There was no response, no sense of any presence deep within the veiled parts of his mind, only a hollowness...and an involuntary suggestion suddenly coalesced that he and the other Shadowkings were little more than elaborate rivenshades being driven like everyone else towards the forge of fate by a force unseen….

He recoiled from the dread notion, turned sharply and strode along the corridor, his demeanour full of smouldering anger. A door full of glinting haze took him down ten floors to a wide walkway overlooking one of Keshada's great storage vaults. Groups of officers and artisans, surprised by his appearance, bowed or saluted but he ignore them as he watched the noisy, vigorous activity below. Several teams of horses flanked a wide square opening in the dusty wooden floor, straining on pulley-wound clusters of hawsers, hauling up from some ways down a cross-joisted rack piled with crates and bundles of supplies. There were another three loading bays across the huge floor, each surrounded by horses and labourers all made small by the vault's massive scale.

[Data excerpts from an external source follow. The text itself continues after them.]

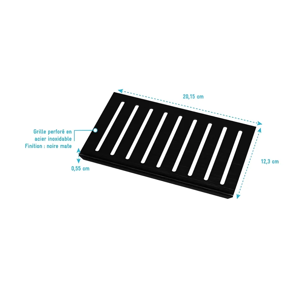 Personnalisez votre receveur de douche ROCK 2 en choisissant une grille qui vous correspond. Nous avons conçu cette grille en INOX, aux motifs linéaires, afin que vous puissiez personnaliser votre receveur comme bon vous semble. Esthétique grâce à sa finition Noir Mat et son design contemporain , cette grille s’adaptera parfaitement à votre salle de bains. Elle viendra remplacer le cache-bonde de finition ardoisée inclus et pré-monté sur les receveurs ROCK 2.Simple et rapide d’installation, elle facilitera le nettoyage de votre receveur. CARACTERISTIQUES TECHNIQUES Dimensions : 20,15cm x 12,3cm x 0,55cm Inox Finition Noir Mat COMPATIBLE AVEC NOS RECEVEURS ROCK 2 WHITE ROCK 2 GREY ROCK 2 BLACK Référence produit : FAC1001 Garantie 2 ans Référence produit: FAC1001
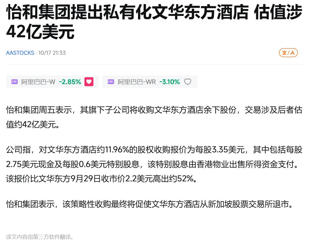 文华东方,就是那个住一晚能顶很多人一个月工资的奢牌酒店,被母公司怡和集团用42亿美元打包带走,从新加坡股市私有化退市了。
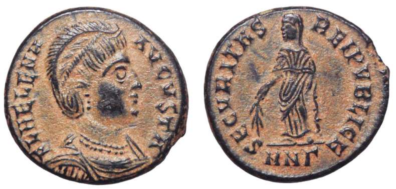 | Trier RIC 515, S | Helena. AE Follis. 327-328 AD. FL HELENA-AVGVSTA, diademed bust right, wearing mantle and necklace / SECVRITAS-REIPVBLICE, Securitas standing left, lowering branch with right hand, raising hem of robe with left hand. Mintmark dot STRE. Sear 16594. | Text | ![]() |
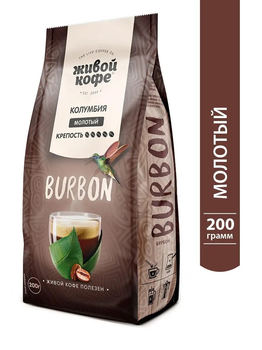 Живой Кофе Burbon включает в себя лучшие и редкие сорта колумбийского кофе сорта арабика. С целью уберечь нежнейшие кофейные деревья от палящих лучей Латиноамериканского солнца колумбийские фермеры высаживают их под более высокими деревьями коки. Период цветения кофе и коки совпадают. Считается, что они не опыляет друг друга, однако любители кофе признаются в том, что уже с первым глотком Burbona ощущают восхитительную энергетику. Кофе Burbon обладает сбалансированным вкусом и стойким ароматом.
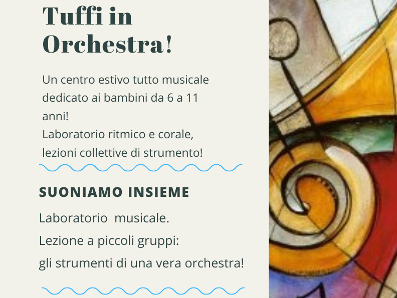 - 11.00- 12.45 Tuffi in Orchestra: la classe verrà suddivisa in due gruppi seguiti da due insegnanti diversi, ogni allievo parteciperà alla lezione di strumento con il gruppo assegnato. Nella settimana ci sarà la possibilità di suonare gli strumenti di un’orchestra.

Wordlessly, Byrnak continued along the balcony, still followed by guards and standard bearers, and passed through another glittering archway. Beyond it he emerged in a long curved gallery, the inner wall being of sheer, polished ash-grey marble and marred only by a line of niches, each containing a metallic head murmuring verse in an ancient language. The outer wall was of rough brown stone broken by large triangular openings through which he could look across the dry, rocky desolation of the Realm of Dusk.